Figure 2: Relative impacts of global warming on agricultural vs manufacturing productivity (High Emissions Scenario)

A world map showing relative impacts of global warming on agricultural vs manufacturing productivity (High Emissions Scenario)

Despite the disproportionate vulnerability of agriculture to warming, the quantitative model simulations in Nath (2025) suggest that climate change is likely to keep more labour in agriculture in the very regions where its productivity suffers most. By the late 21st century, agriculture’s share of the economy in the poorest quartile of countries projects to be about 2.8 percentage points higher than it would be without global warming. The mechanism mirrors the traditional ‘food problem’ logic in a climate context: when agricultural productivity declines, food prices rise, and because food demand is inelastic, the economy must allocate more labour to agriculture simply to keep people fed.

In principle, countries facing climate damages in agriculture could also meet demand by importing more food, but in practice the results suggest that this mechanism has weak effects in developing countries. In the model, trade adjustment reduces climate damages by only 1-2% relative to a scenario with autarky, largely because those countries most vulnerable to global warming are also those that are least open to trade in agriculture. In the data, the poorest quartile of countries import only 9% of their consumption, compared with 45% in the richest quartile. The model calibration in Nath (2025) rationalises this pattern with very high trade costs for agricultural goods in poor countries, which mean that even large relative price changes do little to stimulate food imports in the climate change counterfactual.

The paper highlights two especially important and overlooked adaptation margins. The first is trade costs, particularly those affecting agricultural imports in developing economies. When the model counterfactuals in Nath (2025) are re-evaluated in a benchmark scenario in which low-income countries face trade costs more typical of high-income places, predicted climate damages in poor countries fall by roughly half. While the underlying causes of the model-inferred trade costs cannot be fully decomposed into policy levers, the paper shows that about one-third of these hypothetical adaptation gains can be achieved by reducing the proportion of trade costs directly attributable to observable barriers such as tariffs, trade agreements, and regulatory/customs processing delays.

The second adaptation mechanism is economic growth. Because food is a necessity and preferences change with income, rising incomes naturally move labour out of agriculture. Growth also increases the capacity of firms and households to adapt within both agricultural and non-agricultural sectors – for example through irrigation and improved seeds in agriculture or with air conditioning for indoor workers. In the model, end-of-century climate damages in low-income countries are three to four times smaller under scenarios with faster baseline growth than in low-growth scenarios, reflecting both within-sector adaptation and the reallocation of workers away from the especially climate-vulnerable agricultural sector.

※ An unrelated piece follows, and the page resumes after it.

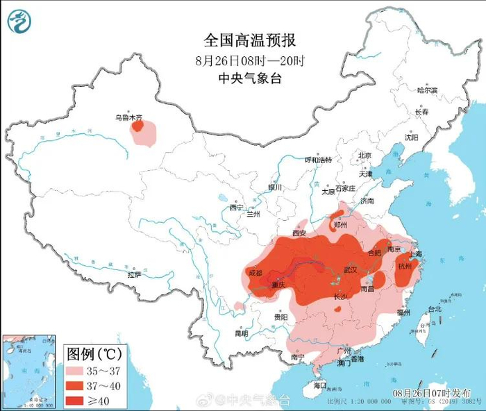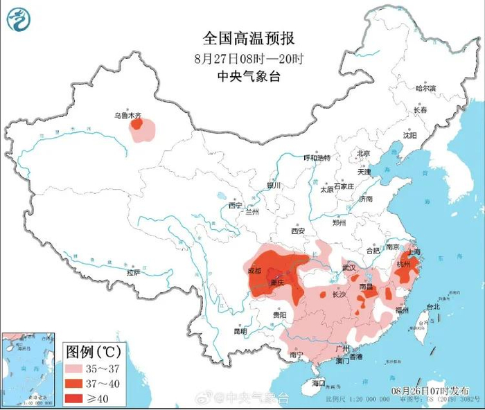 24小时内,盆地最低气温:西部25~28℃,其余地方27~29℃;最高气温:西部36~39℃,其余地方39~41℃。

Across all these results, a consistent lesson emerges: in a warming world, the share of workers who remain in agriculture will be a key determinant of the economic and human costs of climate change. Policies that reduce trade costs or accelerate growth can meaningfully reduce the severity of these costs by easing the ‘food problem’ constraint that may bind meaningfully as the planet warms.

A growing body of research is examining how global warming interacts with structural transformation and trade

The findings in Nath (2025) contribute to a rapidly emerging body of work linking climate change, structural transformation, and international trade – research that increasingly points toward a common set of mechanisms.

Empirical evidence from India provides a clear illustration. Liu et al. (2023) exploit long-run variation in temperature trends across districts and show that each 1°C increase in mean decadal temperature reduces the non-agricultural employment share by 8.2%. The effects are strongest in remote areas with weak road networks – settings where households are more reliant on local food production and the food-problem mechanism is likely to bind most tightly. Relatedly, Adamopoulos (2025) shows that Ethiopia’s road expansion programme promoted structural transformation through a variety of mechanisms, underscoring the broader role of market integration in facilitating the movement of workers out of agriculture.

Structural models in several other papers reinforce these empirical patterns. For instance, Conte (2025) in Africa and Cruz (2024) in a global setting also find that warming is likely to raise agricultural employment shares in low-income regions, driven by the same food problem mechanism emphasised in Nath (2025). Both papers also highlight migration as an important partial substitute for trade-driven adaptation: mobility can reallocate some people away from the most exposed locations, though it cannot offset the impacts of warming on those who remain.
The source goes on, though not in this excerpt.